An exact transcription of the listing, without its images, is what the answer must contain.

= = = = =

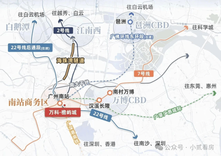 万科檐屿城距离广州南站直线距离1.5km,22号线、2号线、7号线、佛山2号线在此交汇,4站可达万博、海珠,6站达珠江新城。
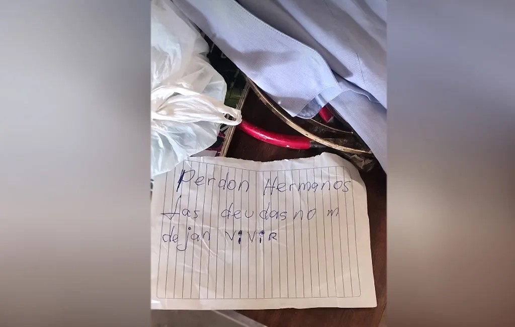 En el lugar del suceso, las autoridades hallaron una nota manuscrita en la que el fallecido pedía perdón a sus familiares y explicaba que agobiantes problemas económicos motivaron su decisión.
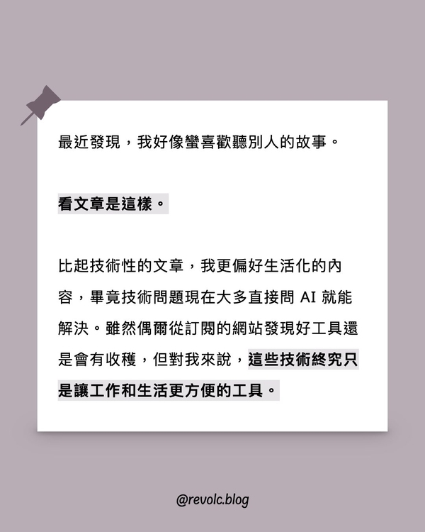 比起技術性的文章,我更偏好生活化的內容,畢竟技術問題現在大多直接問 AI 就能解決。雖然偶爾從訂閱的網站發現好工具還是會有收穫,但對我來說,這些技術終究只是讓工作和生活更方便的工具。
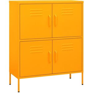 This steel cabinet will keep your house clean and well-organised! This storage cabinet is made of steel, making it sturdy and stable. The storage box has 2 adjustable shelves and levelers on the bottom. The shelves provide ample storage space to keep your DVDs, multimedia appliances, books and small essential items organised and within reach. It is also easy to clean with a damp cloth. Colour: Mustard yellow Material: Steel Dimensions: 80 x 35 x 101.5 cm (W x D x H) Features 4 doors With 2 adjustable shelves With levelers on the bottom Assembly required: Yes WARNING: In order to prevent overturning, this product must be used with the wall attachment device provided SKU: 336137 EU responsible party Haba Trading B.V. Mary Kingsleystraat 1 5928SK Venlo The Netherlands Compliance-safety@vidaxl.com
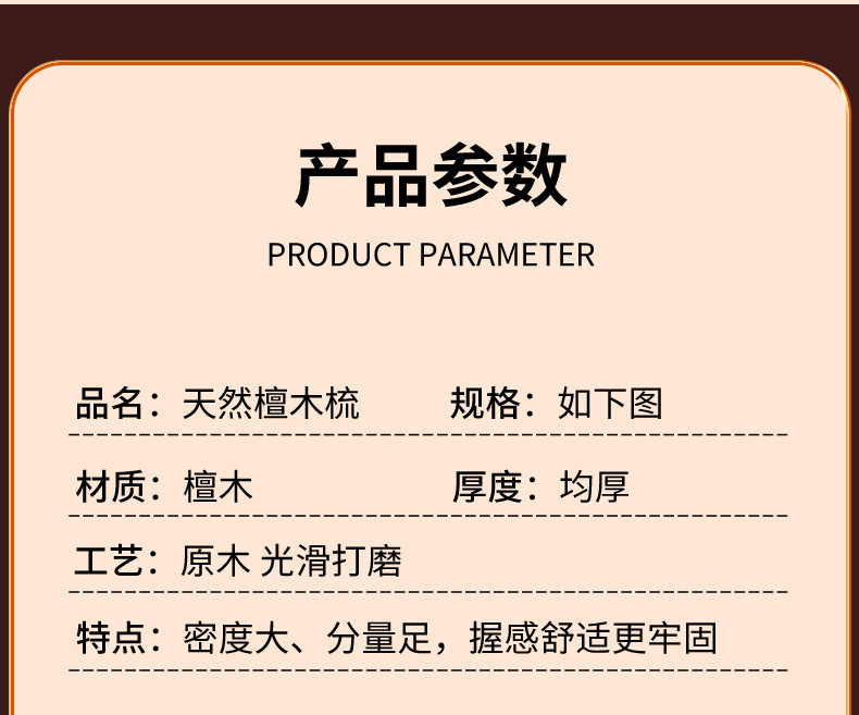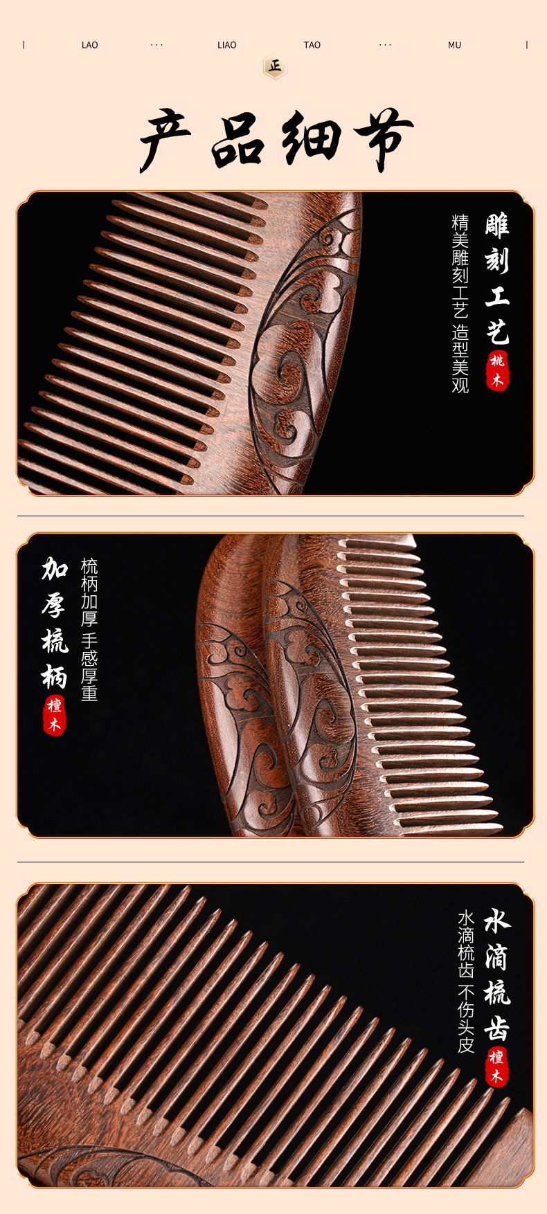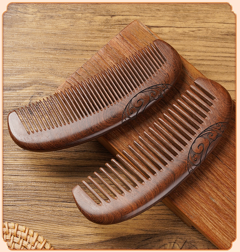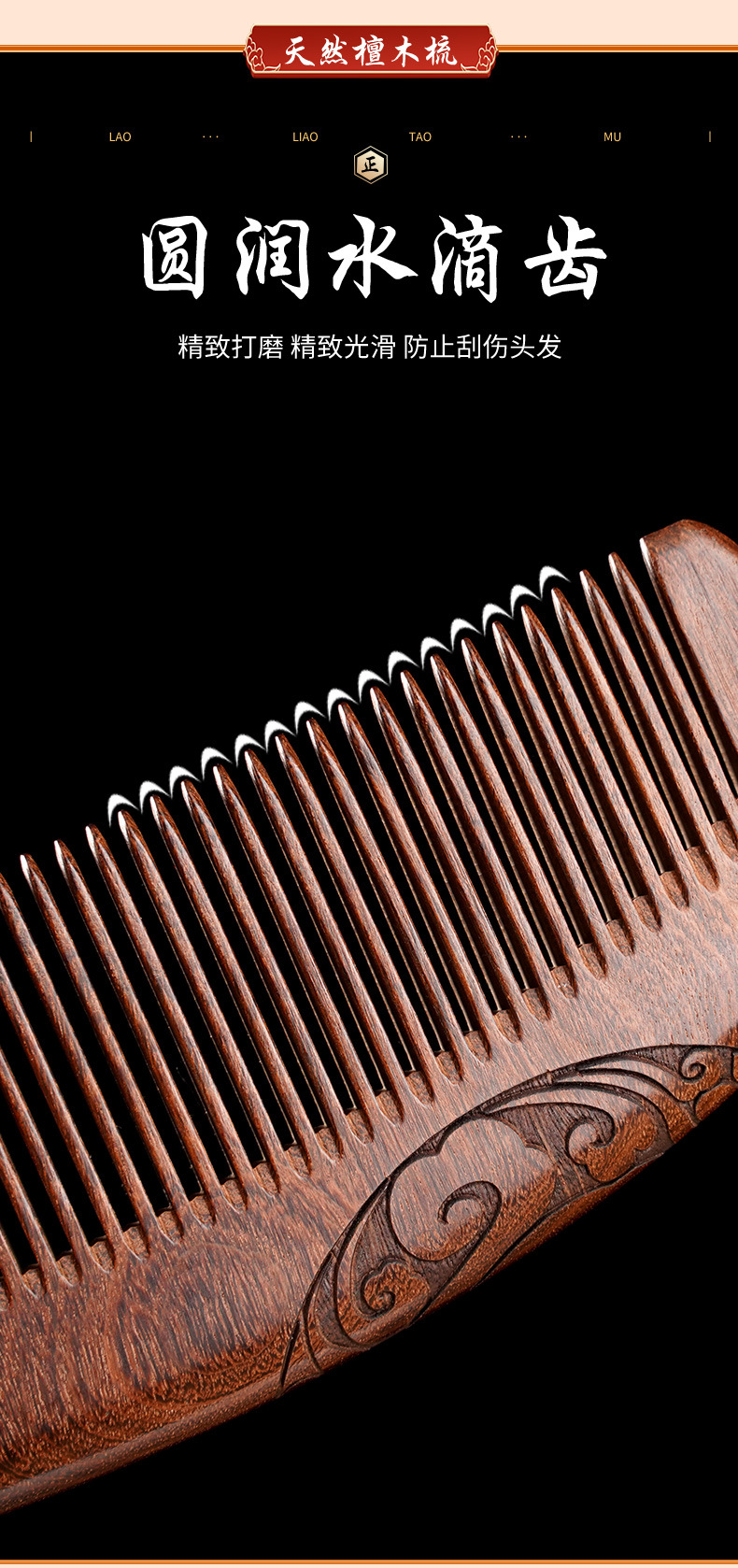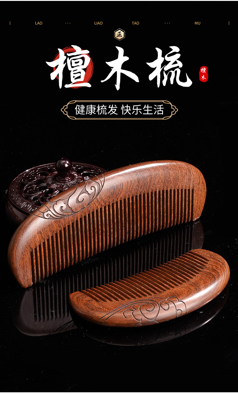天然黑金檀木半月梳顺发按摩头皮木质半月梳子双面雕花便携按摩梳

= = = = =

RESULT FOR THIS TASK:
 万科檐屿城距离广州南站直线距离1.5km,22号线、2号线、7号线、佛山2号线在此交汇,4站可达万博、海珠,6站达珠江新城。
 En el lugar del suceso, las autoridades hallaron una nota manuscrita en la que el fallecido pedía perdón a sus familiares y explicaba que agobiantes problemas económicos motivaron su decisión.
 比起技術性的文章,我更偏好生活化的內容,畢竟技術問題現在大多直接問 AI 就能解決。雖然偶爾從訂閱的網站發現好工具還是會有收穫,但對我來說,這些技術終究只是讓工作和生活更方便的工具。
 This steel cabinet will keep your house clean and well-organised! This storage cabinet is made of steel, making it sturdy and stable. The storage box has 2 adjustable shelves and levelers on the bottom. The shelves provide ample storage space to keep your DVDs, multimedia appliances, books and small essential items organised and within reach. It is also easy to clean with a damp cloth. Colour: Mustard yellow Material: Steel Dimensions: 80 x 35 x 101.5 cm (W x D x H) Features 4 doors With 2 adjustable shelves With levelers on the bottom Assembly required: Yes WARNING: In order to prevent overturning, this product must be used with the wall attachment device provided SKU: 336137 EU responsible party Haba Trading B.V. Mary Kingsleystraat 1 5928SK Venlo The Netherlands Compliance-safety@vidaxl.com
天然黑金檀木半月梳顺发按摩头皮木质半月梳子双面雕花便携按摩梳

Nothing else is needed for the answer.